In her ruling, Mills pointed out that the School Committee’s decision to award the contract to Ledgewood was based “squarely on the opinions of a person (Kanteres) who did not appear before the School Committee and who offered no testimony to the court” during the hearing for a temporary restraining order on Nov. 26.

During that hearing, the School Department and Landry/French each agreed that state law governs the contract award, a law that requires “any contract for the construction, major alteration or repair of school buildings involving a total cost in excess of $250,000 …  must be awarded by competitive bids.” Mills wrote that state law also requires that “unless there are valid reasons to the contrary, contracts shall be awarded to the lowest responsible bidder.”

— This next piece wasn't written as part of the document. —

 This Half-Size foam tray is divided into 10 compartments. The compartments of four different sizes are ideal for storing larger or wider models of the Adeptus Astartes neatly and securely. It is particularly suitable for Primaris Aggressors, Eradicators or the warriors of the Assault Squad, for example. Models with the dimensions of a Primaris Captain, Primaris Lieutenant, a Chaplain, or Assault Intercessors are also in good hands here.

In her order, Mills ruled that since both Landry/French and Ledgewood were qualified bidders on the project and that each had set Dec. 8 as the effective date of their bids, reversing the bid would not delay construction, as the School Department argued it would.

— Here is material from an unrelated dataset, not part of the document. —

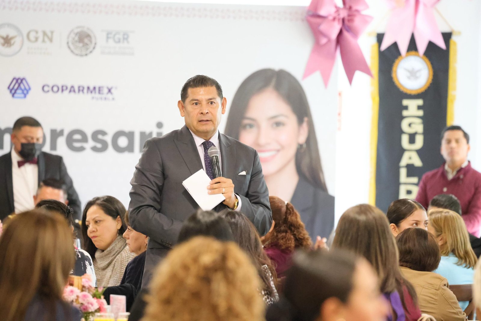 El gobernador reconoció la participación de la presidenta de COPARMEX Puebla, Beatriz Camacho, quien representa a las mujeres empresarias en las mesas de seguridad, y que impulsa propuestas como los Paraderos Seguros, a través de los cuales se brinda mayor tranquilidad en sus traslados a automovilistas y transportistas. Asimismo, subrayó que las empresarias no sólo generan riqueza y empleo, sino que contribuyen a la construcción de entornos más seguros y solidarios.

Her ruling dismissed the School Department’s argument that issuing an injunction would overturn a good-faith decision of the School Committee, noting that the request for temporary restraining order did not challenge the character of committee members. Instead, she ruled, “The public’s interest in having defendants (School Department) follow a statute enacted by the Maine Legislature that applies to this contract far exceeds the public’s interest in ratifying a decision of a local School Committee.” 

Asked Tuesday whether the court battle would make it more difficult to work with the School Department on what will be a long-term construction project, French said he didn’t think so. “We’re going to go in and act professional and do what we do best and build. I’m hoping we can put this whole situation behind us and act in good faith.”

He added, “What’s the most troubling piece of this whole thing is the comments that we have poor on-time/on-budget completions. That is just so false.” He said that this claim was made based on what were said to be phone calls with references he provided as part of the pre-bid qualification application, but that “not one” of those references was contacted.

He said he’s always had a good relationship with the project architect and with Ledgewood. That there’s any bad blood between the companies, French said, “is a hundred percent false and if Ledgewood was asked, they would say the same thing about us. We’re both good companies.”

Ledgewood Construction declined to participate in the lawsuit to argue that it be awarded the contract, and has declined comment on the contract challenge.

Calls to architect Scott Simons and owner’s representative David Lewis for comment were not returned.

The Lisbon School Committee will meet at 7 p.m. Monday, Dec. 8, at the Town Office to consider the contract and Green’s recommendations.

Editor’s note: This story has been updated to reflect Superintendent Richard Green’s clarification that he made no recommendation to the School Committee on which bidder to award the contract, and to reflect Green’s clarification that it was the architect’s representative who provided an opinion about the working relationship between Scott Simons and Landry/French. Simons disputes that assertion.